[Data shown]
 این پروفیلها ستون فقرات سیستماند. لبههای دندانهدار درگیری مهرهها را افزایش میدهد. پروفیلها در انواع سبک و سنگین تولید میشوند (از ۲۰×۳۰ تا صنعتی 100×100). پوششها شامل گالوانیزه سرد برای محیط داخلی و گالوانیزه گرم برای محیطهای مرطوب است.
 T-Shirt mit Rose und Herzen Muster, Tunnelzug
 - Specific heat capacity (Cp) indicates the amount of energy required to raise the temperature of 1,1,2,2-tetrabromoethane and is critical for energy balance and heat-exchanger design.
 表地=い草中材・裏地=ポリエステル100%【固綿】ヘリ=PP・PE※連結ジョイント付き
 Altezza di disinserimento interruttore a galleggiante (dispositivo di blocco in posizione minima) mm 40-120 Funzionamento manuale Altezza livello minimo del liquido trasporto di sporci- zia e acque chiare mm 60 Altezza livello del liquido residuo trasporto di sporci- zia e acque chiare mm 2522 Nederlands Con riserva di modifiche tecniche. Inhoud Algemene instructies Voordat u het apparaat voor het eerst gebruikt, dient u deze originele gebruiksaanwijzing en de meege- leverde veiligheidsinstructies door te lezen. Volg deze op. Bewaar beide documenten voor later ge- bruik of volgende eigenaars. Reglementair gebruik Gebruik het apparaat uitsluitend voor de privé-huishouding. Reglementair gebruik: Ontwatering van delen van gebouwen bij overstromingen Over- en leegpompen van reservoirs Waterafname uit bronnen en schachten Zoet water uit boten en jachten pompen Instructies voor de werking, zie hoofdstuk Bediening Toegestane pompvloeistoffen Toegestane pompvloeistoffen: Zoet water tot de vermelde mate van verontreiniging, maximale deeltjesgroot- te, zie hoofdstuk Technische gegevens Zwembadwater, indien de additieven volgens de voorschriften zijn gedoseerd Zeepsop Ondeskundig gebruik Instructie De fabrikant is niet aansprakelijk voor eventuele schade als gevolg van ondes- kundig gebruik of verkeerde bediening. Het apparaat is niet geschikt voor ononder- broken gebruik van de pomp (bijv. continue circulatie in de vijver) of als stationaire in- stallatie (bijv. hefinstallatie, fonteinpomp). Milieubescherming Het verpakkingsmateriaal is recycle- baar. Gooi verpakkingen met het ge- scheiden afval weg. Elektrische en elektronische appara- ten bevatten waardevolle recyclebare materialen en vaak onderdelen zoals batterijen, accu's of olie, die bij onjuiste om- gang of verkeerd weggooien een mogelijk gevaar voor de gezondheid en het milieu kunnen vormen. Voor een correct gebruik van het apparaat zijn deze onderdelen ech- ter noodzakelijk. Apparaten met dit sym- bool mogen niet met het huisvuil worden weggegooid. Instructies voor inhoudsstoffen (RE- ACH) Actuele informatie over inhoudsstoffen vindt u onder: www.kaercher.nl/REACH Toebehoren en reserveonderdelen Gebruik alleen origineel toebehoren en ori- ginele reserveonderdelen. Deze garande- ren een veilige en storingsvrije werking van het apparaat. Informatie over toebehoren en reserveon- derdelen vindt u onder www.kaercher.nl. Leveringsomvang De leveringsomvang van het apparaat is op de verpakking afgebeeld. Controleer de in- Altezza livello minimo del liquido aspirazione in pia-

==

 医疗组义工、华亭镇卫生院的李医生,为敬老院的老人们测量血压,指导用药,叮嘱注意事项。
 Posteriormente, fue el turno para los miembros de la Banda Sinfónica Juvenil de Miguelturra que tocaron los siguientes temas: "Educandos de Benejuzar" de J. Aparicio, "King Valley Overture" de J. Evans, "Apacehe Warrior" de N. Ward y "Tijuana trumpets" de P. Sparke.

[Required work] All lines above from the line with "این پروفیلها ستون" through the line with "表地=い草中材・裏地=ポリエ", both included, are to be set down exactly, with nothing else.

[Your response]
 این پروفیلها ستون فقرات سیستماند. لبههای دندانهدار درگیری مهرهها را افزایش میدهد. پروفیلها در انواع سبک و سنگین تولید میشوند (از ۲۰×۳۰ تا صنعتی 100×100). پوششها شامل گالوانیزه سرد برای محیط داخلی و گالوانیزه گرم برای محیطهای مرطوب است.
 T-Shirt mit Rose und Herzen Muster, Tunnelzug
 - Specific heat capacity (Cp) indicates the amount of energy required to raise the temperature of 1,1,2,2-tetrabromoethane and is critical for energy balance and heat-exchanger design.
 表地=い草中材・裏地=ポリエステル100%【固綿】ヘリ=PP・PE※連結ジョイント付き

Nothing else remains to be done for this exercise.